Clue number 1:  the physical placement of numbness is exactly that followed by the novacaine injection I had for the surgery, minus my tongue.  This appears to match the coverage area of the inferior alveovar nerve, although that does not cover the check.  In fact, wikipedia says that a common dental infection site hits exactly that nerve plus the lingual (tongue) nerve.  So IAN numbness without lingual nerve numbness would explain what I’m seeing except for the cheek.  The cheek is covered by the buccal nerve.  The buccal nerve joines with the IAN nerve fairly quickly , but if a single problem was blocking them both there are a number of other sites that should be involved (including the tongue).  There’s a number of possible explanations- I misinterpreted gum numbness as cheek numbness, I have nonstandard anatomy that connects my IAV to my lower cheek, the physical stress of surgery.  But the cheek numbness is fading much faster than the other numbness, so I’m prepared to just ignore it.
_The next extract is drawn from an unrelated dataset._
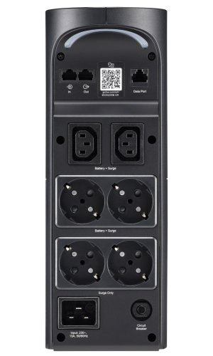 Věžový záložní zdroj o výkonu 1320 W má celkem 6 zásuvek, z nichž 3 jsou záložní baterie a přepěťová ochrana a 3 jsou pouze přepěťovou ochranou. Disponuje čtyřmi Schuko zásuvkami a dvěma IEC 320 C13 konektory. Pro snadné ovládání je vybaven LCD displejem s RGB osvětlením. Automatická regulace napětí (AVR) koriguje poklesy a rázy napětí na správnou úroveň. Potěší také přítomnost 2× USB a 1× USB-C, které poskytují napájení celkem až 15 W pro nabíjení mobilních zařízení. Ke správě jednotky slouží RJ-45 data port.

Clue 2:  this feels exactly like novacaine numbness**.   The –caines work by blocking the sodium channel, which prevents the sensory nerve from firing.  It’s like being a spy without a way to report to the mother country- you might know a lot, but you have no way to tell anyone.  Humans acclimate to extended doses of novacaine (or other drugs) by altering their chemistry.  For example, cocaine causes your brain to release large amounts of dopamine.  Over time, your brain compensates by reducing the number of dopamine receptors.  It seems plausible to me that toxins produced by the bacteria could have altered the environment the nerve was in enough to cause it to adapt back.  Hypothetically, if they raised the sodium concentration high enough, my reporting nerves may have upped the sodium concentration required to get them to care.  This would explain exactly the symptoms I’m seeing, and provides a convenient mechanism for the problem to fix itself- the nerve will notice nothing is going on and adapt to its new environment just like it did the old one.  And it is consistent with my dentist’s cartoon description of the issue.
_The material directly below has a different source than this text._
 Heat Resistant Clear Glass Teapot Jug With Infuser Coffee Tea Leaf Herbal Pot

Holy shit, I didn’t start checking blogs and playing 2048 until that last paragraph.  Until then I was only writing or researching.  This is amazing.
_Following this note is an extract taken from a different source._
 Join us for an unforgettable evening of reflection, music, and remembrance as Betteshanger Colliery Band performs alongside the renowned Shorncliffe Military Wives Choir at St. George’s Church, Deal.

Of course this is pretty speculative.  I’m not at all confident in the specifics of my explanation.  But honestly regardless of explanation the most helpful thing I can do is give myself an excuse to not freak out, and I’ve done that, so mission accomplished.

 

 

*When I asked about pre-op antibiotics he said “no, because when you use antibiotics the bacteria have babies, and those babies are immune.” Most common antibiotics either work by retarding cell replication, or are effective only against actively dividing organisms. My guesses for what he mean are: “no, I don’t want to create resistant bacteria your immune system can’t reach.  Let’s hold that in reserve” (although I didn’t end up with antibiotics during or after either), or possibly “no, those will kill the actively dividing bacteria but leave colonies of dormant ones that are harder to find on their own.” or if I want to get really speculative “antibiotics do nothing but create resistance if your immune system can’t reach the infection, and your infection is in an area with poor circulation.”  Any of these would be preferable to my dentist believing in Lamarkian evolution.

**Note: novacaine left common use in the US years ago, more effective and less risky equivalents exist.  But while they vary in exact side effect profile and action time, every one I’ve had creates this exact feeling, and they have similar if not identical mechanisms of action, so I’ll go with the name I learned as a child.